- Raw data -
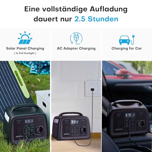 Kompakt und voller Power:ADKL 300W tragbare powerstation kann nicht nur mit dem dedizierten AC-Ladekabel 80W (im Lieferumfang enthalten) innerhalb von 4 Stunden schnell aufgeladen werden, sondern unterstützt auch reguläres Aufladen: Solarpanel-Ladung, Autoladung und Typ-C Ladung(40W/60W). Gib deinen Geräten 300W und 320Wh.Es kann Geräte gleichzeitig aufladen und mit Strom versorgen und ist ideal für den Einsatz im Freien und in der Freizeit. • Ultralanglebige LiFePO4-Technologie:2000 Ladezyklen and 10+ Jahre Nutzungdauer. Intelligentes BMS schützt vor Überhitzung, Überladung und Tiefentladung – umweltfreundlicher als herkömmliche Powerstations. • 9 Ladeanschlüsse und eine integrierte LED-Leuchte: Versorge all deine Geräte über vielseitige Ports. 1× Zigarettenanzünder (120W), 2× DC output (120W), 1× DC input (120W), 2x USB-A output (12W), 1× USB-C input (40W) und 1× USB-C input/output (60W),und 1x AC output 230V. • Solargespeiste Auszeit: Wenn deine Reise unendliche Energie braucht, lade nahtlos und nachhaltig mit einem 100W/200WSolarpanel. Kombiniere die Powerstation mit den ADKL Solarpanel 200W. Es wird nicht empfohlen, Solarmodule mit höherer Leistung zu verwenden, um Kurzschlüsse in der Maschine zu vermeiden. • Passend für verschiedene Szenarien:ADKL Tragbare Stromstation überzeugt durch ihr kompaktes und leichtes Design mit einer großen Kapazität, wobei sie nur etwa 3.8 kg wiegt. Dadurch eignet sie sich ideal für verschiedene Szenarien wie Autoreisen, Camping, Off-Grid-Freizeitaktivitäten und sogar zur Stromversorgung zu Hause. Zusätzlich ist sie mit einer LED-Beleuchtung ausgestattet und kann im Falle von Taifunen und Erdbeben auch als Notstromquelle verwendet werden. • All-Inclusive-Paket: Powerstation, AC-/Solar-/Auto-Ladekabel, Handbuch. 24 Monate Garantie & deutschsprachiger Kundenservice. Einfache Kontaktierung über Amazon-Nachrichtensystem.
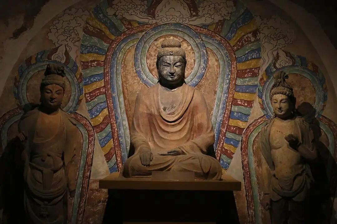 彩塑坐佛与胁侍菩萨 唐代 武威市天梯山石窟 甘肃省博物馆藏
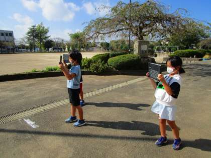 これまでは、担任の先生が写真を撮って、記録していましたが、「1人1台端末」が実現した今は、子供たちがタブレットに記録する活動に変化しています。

--

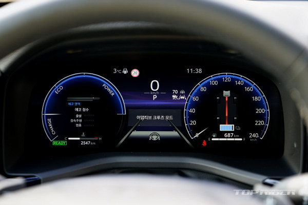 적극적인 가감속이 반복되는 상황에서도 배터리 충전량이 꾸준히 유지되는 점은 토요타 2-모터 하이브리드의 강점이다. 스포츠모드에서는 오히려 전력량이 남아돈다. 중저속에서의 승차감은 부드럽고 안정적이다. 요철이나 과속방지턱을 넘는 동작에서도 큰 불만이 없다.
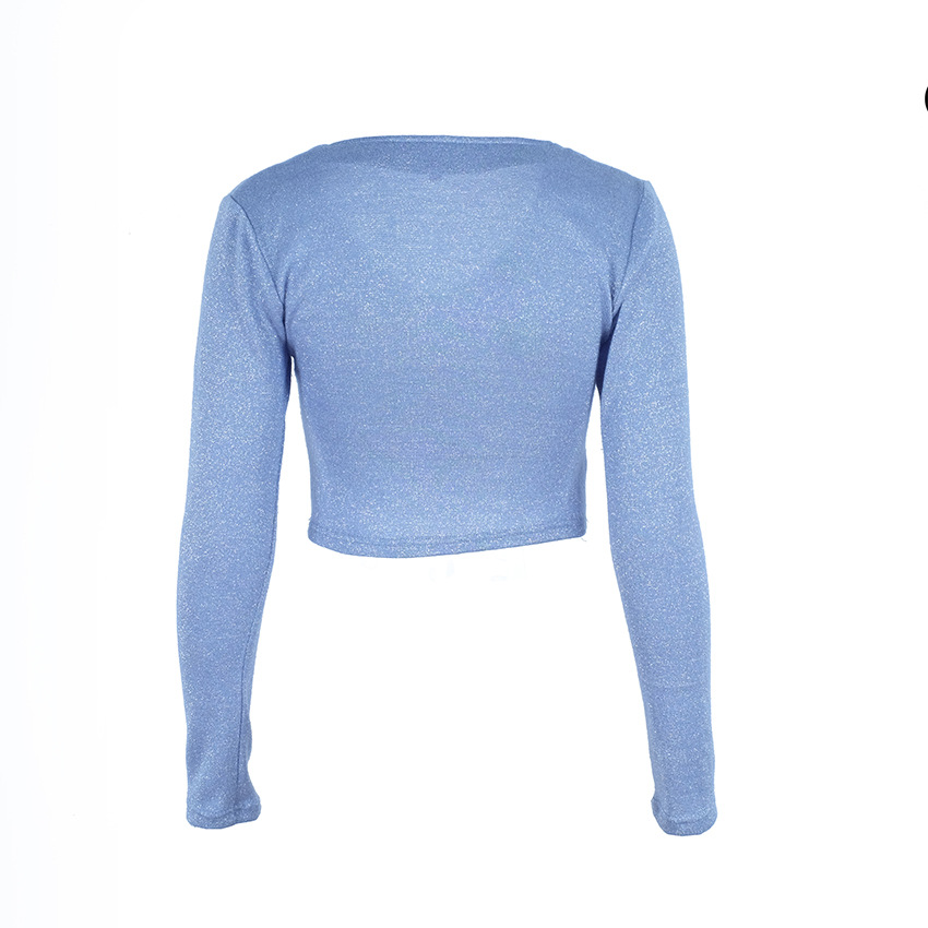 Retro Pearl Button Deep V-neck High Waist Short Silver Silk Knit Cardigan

---

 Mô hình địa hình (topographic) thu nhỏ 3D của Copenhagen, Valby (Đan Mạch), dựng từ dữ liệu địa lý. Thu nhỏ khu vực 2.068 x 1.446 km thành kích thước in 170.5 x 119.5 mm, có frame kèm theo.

- Work to complete -
The reply should hold the entries above from the line with "彩塑坐佛与胁侍菩萨 唐代 武威市天梯山石窟 甘肃省博物馆藏" to the line with "これまでは、担任の先生が写真", duplicated exactly, pictures excluded.

- Solution to the exercise -
 彩塑坐佛与胁侍菩萨 唐代 武威市天梯山石窟 甘肃省博物馆藏
 これまでは、担任の先生が写真を撮って、記録していましたが、「1人1台端末」が実現した今は、子供たちがタブレットに記録する活動に変化しています。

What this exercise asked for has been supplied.